JiltedJohnsJulie Wed 06-Feb-13 11:52:46

I love knowing what the risks actually are so if you could link to the research, I'd be really grateful.

Some risks are just theoretical however. For instance I really wanted sushi but the advice was not to have it because of a risk of listeria, so I read up on it and found there was not a single case worldwide of a baby being affected with listeria through sushi so I took the risk.

Bue Wed 06-Feb-13 12:04:14

But if there was any proper evidence that light drinking is harmful, the guidelines really would be "no alcohol", just as the guidelines state no smoking. The fact that it is qualified by 1/2u 1/2w tells me that the powers that be realise the risk really isn't there at a low level.

Jilted the NHS says sushi is perfectly fine, so long as the fish is frozen first (which it all is if served in a restaurant or bought in a shop). See here: www.nhs.uk/chq/Pages/is-it-safe-to-eat-sushi-during-pregnancy.aspx Also the risk from sushi isn't listeria, it's little worms called anasakids that can give you food poisoning - but are destroyed by freezing.

JiltedJohnsJulie Wed 06-Feb-13 12:23:11

It was 5 years since I was pregnant so my memory on the sushi thing and the guidelines have probably changed, thanks for clarifying. I don't want anyone not eating sushi because of me blushsmile

I think the same as you on alcohol. If there was good evidence they would recommend a blanket ban.

crumb I try to be honest on Mn and address people in a similar way as I would in RL. I appreciate that you feel strongly on this subject but feel that lots of people like to know why before doing something, for instance what the risks are before cutting out alcohol in pg.

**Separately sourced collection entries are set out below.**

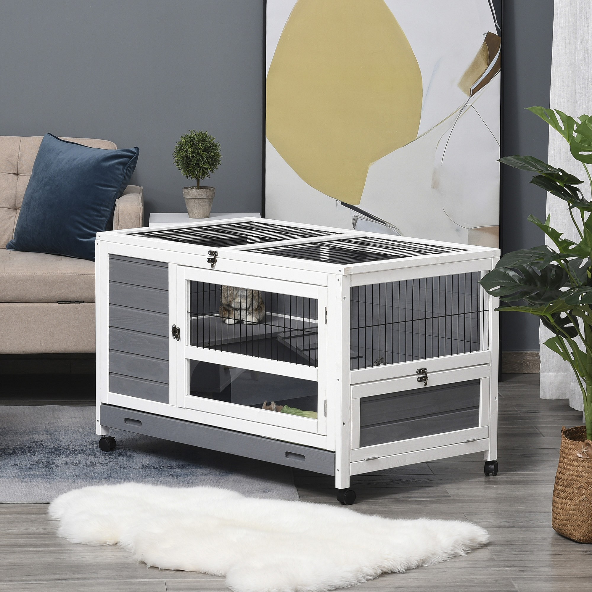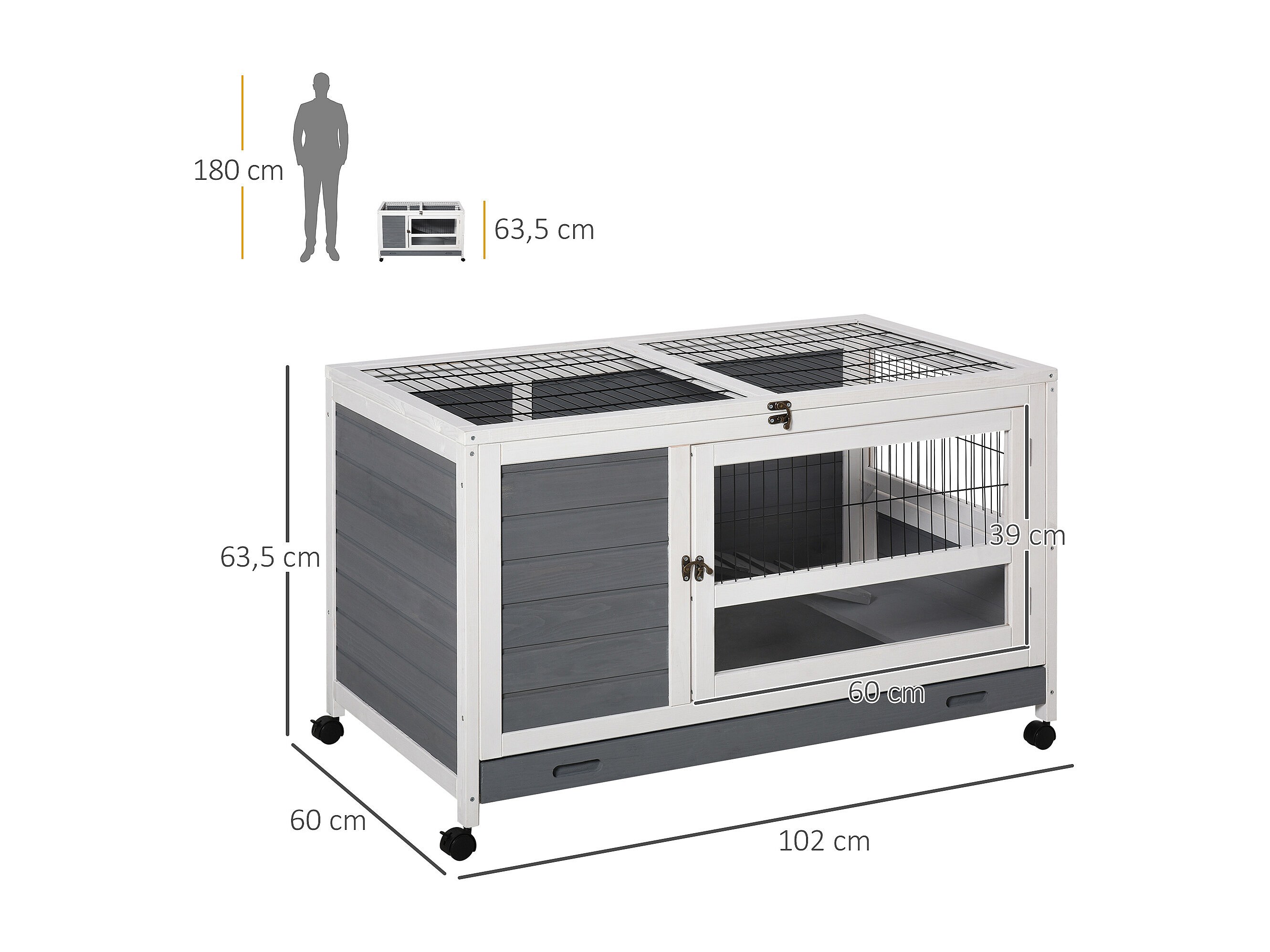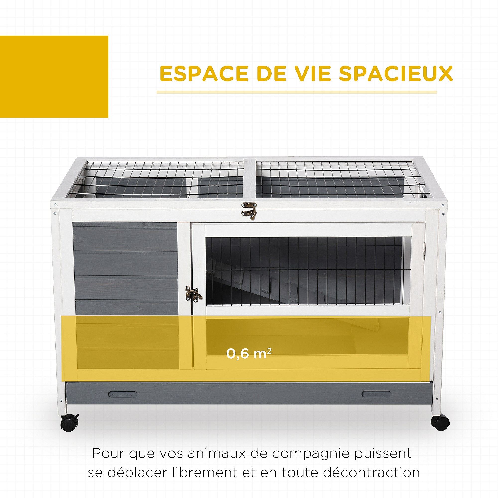 Clapier à lapin sur roulettes cage à lapin 2 étages porte verrouillable toit ouvrant plateau coulissant rampe bois de sapin gris blanc
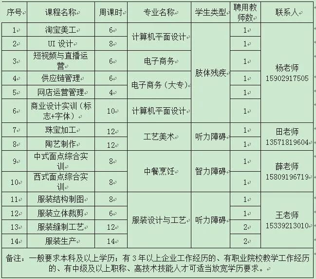 陕西省城市经济学校是一所以残疾人职业学历教育和技能培训为主的全日制公办省级重点中等职业学校,隶属于陕西省残疾人联合会,学校位于西安市朱宏路9号。根据学校教学工作需要,2023年春季学期需聘请相关专业课兼职教师若干名。现就有关事项公告如下: 一、招聘岗位
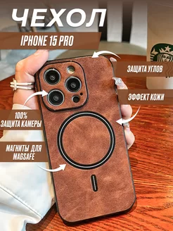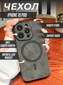Чехол для Iphone 15 Pro кожаный Magsafe
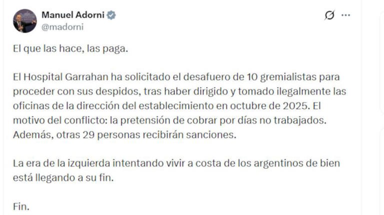 A través de su cuenta oficial en la red social X, Adorni sostuvo que “el que las hace, las paga” y confirmó que el Hospital Garrahan había solicitado el desafuero de diez gremialistas para avanzar con sus despidos, a quienes acusó de haber dirigido una “toma ilegal” de las oficinas de la dirección. En el mismo mensaje, Adorni atribuyó el origen del conflicto a un reclamo por el pago de días no trabajados, informó que otras 29 personas recibirán sanciones y encuadró la medida en una ofensiva más amplia contra lo que definió como “la izquierda intentando vivir a costa de los argentinos de bien”.
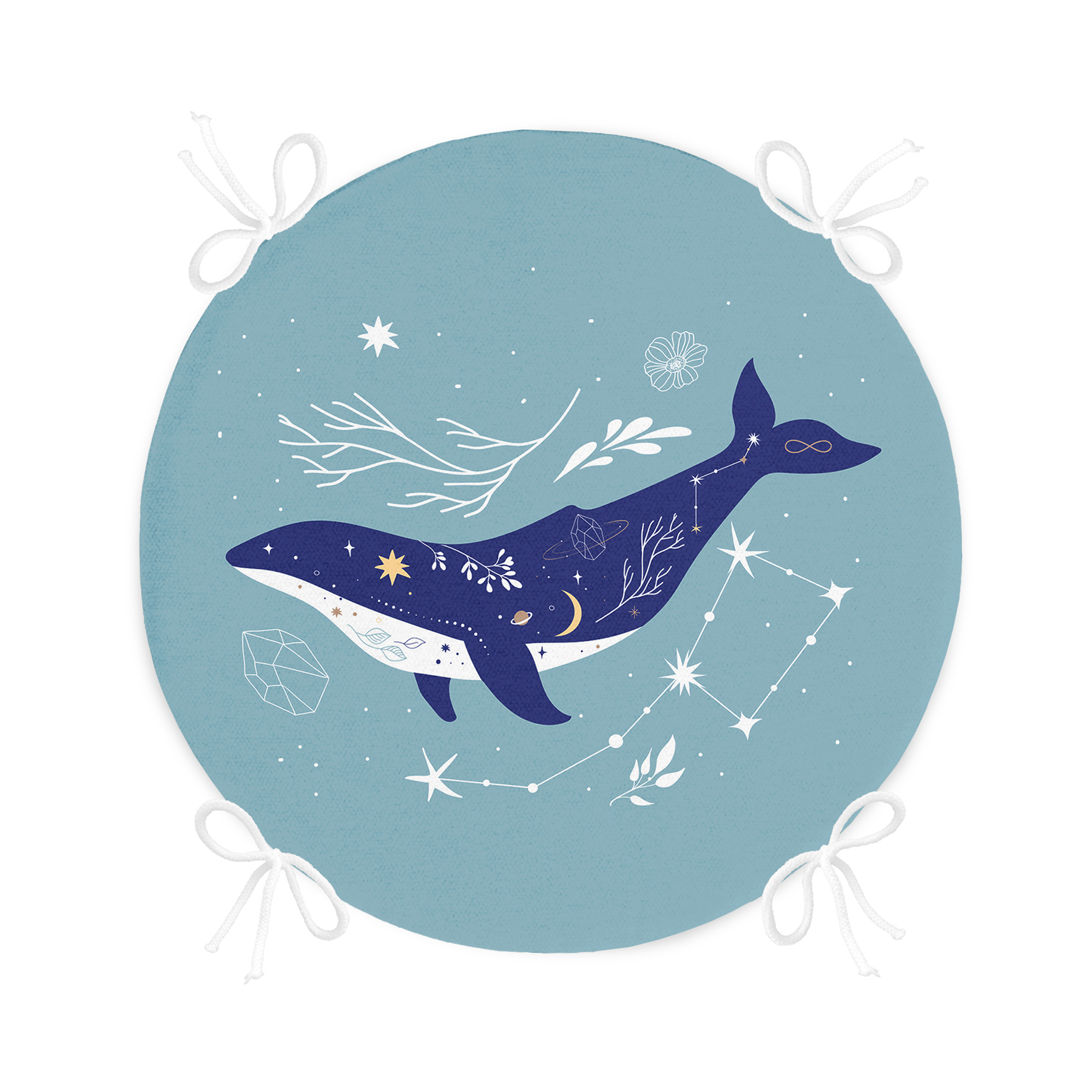 Buz Mavisi Zeminli Balina Desenli Modern Yuvarlak Fermuarlı Sandalye Minderi Realhomes

And as for questioning why I had children because I had about 3 glasses of wine in my entire pg is a bit grin

ladymia Wed 06-Feb-13 12:23:22

People that are drinking their 2 units a week, are you actually sticking to the units? If a 125ml glass of wine (tiny amount!) is 1.5 units and you are only allowed 1-2 units once or twice a week?

I know someone that stuck to the 2 units a week except her units were 250ml glasses twice a week. So that's actually 6 units a week.

Makes me wonder what people think are "a unit"

Luckily what others choose to drink or not drink does not actually affect me so I don't feel the need to judge them. It's just a genuine question.

JiltedJohnsJulie Wed 06-Feb-13 12:28:01

lady that's a good question and partly why I posted the link to the guidelines as they also go in to explain what a unit actually is smile.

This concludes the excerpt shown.